**Data block**.
Content starts

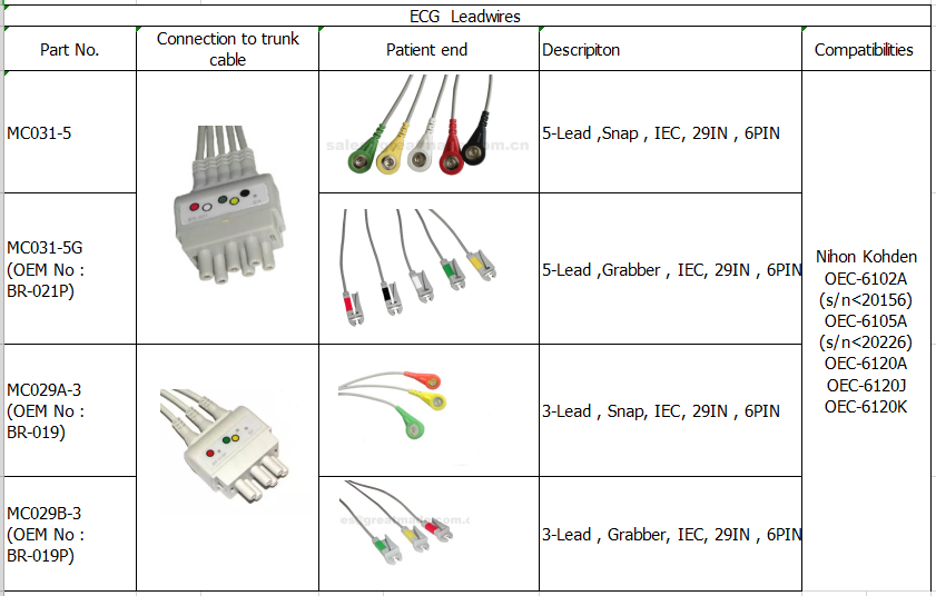 Compatiblw cu Nihon Kohden BR-019P, BR-021P Set de plumb ECG 3/5-lead, snap / Grabber
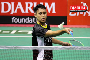Erick Eriawan (Djarum Kudus) Mengembalikan Shuttlecock.
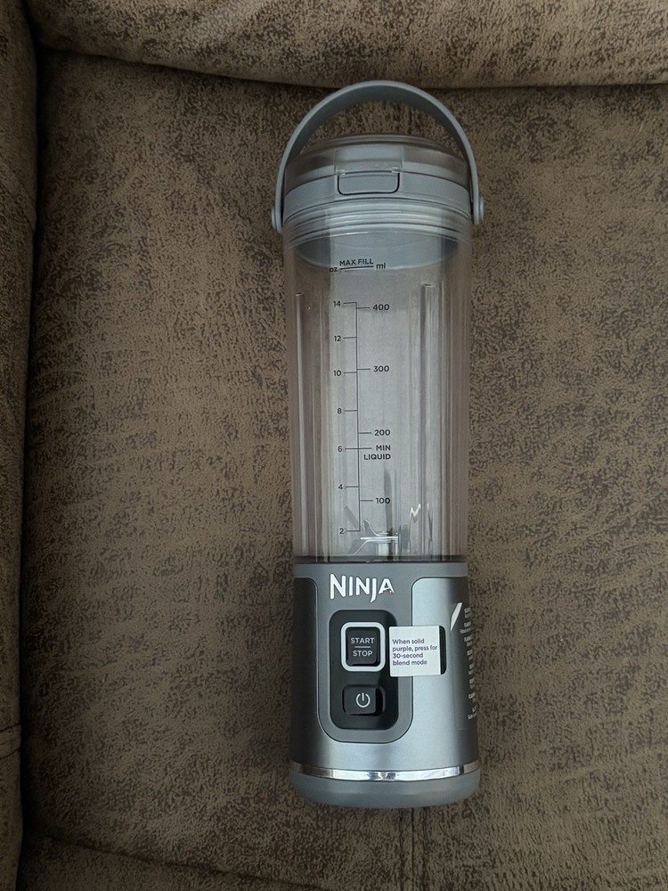 Pre-owned Ninja Blast Cordless Portable Blender (Model BC155SGY) in gray. Unit has been tested and powers on properly. A compatible charging cable and wall charger are included so it is ready to use. Includes: • Blender base • Blade assembly • Bottle with flip lid • Generic charging cable + wall adapter Condition: Light cosmetic wear from normal handling. See photos for exact condition. Features: • Cordless rechargeable design • One-touch blending • Portable travel bottle • Compact and lightweight Ships securely packed.
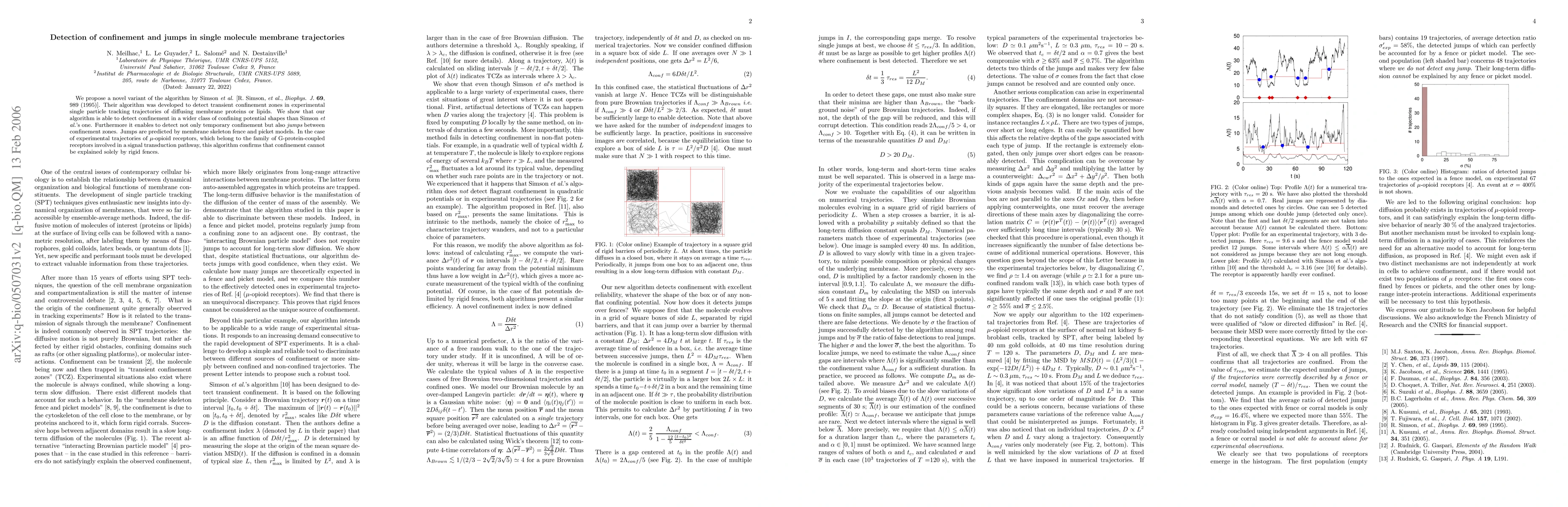 We propose a novel variant of the algorithm by Simson et al. [R. Simson, E.D. Sheets, K. Jacobson, Biophys. J. 69, 989 (1995)]. Their algorithm was developed to detect transient confinement zones in experimental single particle tracking trajectories of diffusing membrane proteins or lipids. We show that our algorithm is able to detect confinement in a wider class of confining potential shapes than Simson et al.'s one. Furthermore it enables to detect not only temporary confinement but also jumps between confinement zones. Jumps are predicted by membrane skeleton fence and picket models. In the case of experimental trajectories of $\mu$-opioid receptors, which belong to the family of G-protein-coupled receptors involved in a signal transduction pathway, this algorithm confirms that confinement cannot be explained solely by rigid fences.

Content ends

**Exercise**. Each line of the material is to be output exactly. Images are not part of the expected output.

**The answer**.
 Compatiblw cu Nihon Kohden BR-019P, BR-021P Set de plumb ECG 3/5-lead, snap / Grabber
Erick Eriawan (Djarum Kudus) Mengembalikan Shuttlecock.
 Pre-owned Ninja Blast Cordless Portable Blender (Model BC155SGY) in gray. Unit has been tested and powers on properly. A compatible charging cable and wall charger are included so it is ready to use. Includes: • Blender base • Blade assembly • Bottle with flip lid • Generic charging cable + wall adapter Condition: Light cosmetic wear from normal handling. See photos for exact condition. Features: • Cordless rechargeable design • One-touch blending • Portable travel bottle • Compact and lightweight Ships securely packed.
 We propose a novel variant of the algorithm by Simson et al. [R. Simson, E.D. Sheets, K. Jacobson, Biophys. J. 69, 989 (1995)]. Their algorithm was developed to detect transient confinement zones in experimental single particle tracking trajectories of diffusing membrane proteins or lipids. We show that our algorithm is able to detect confinement in a wider class of confining potential shapes than Simson et al.'s one. Furthermore it enables to detect not only temporary confinement but also jumps between confinement zones. Jumps are predicted by membrane skeleton fence and picket models. In the case of experimental trajectories of $\mu$-opioid receptors, which belong to the family of G-protein-coupled receptors involved in a signal transduction pathway, this algorithm confirms that confinement cannot be explained solely by rigid fences.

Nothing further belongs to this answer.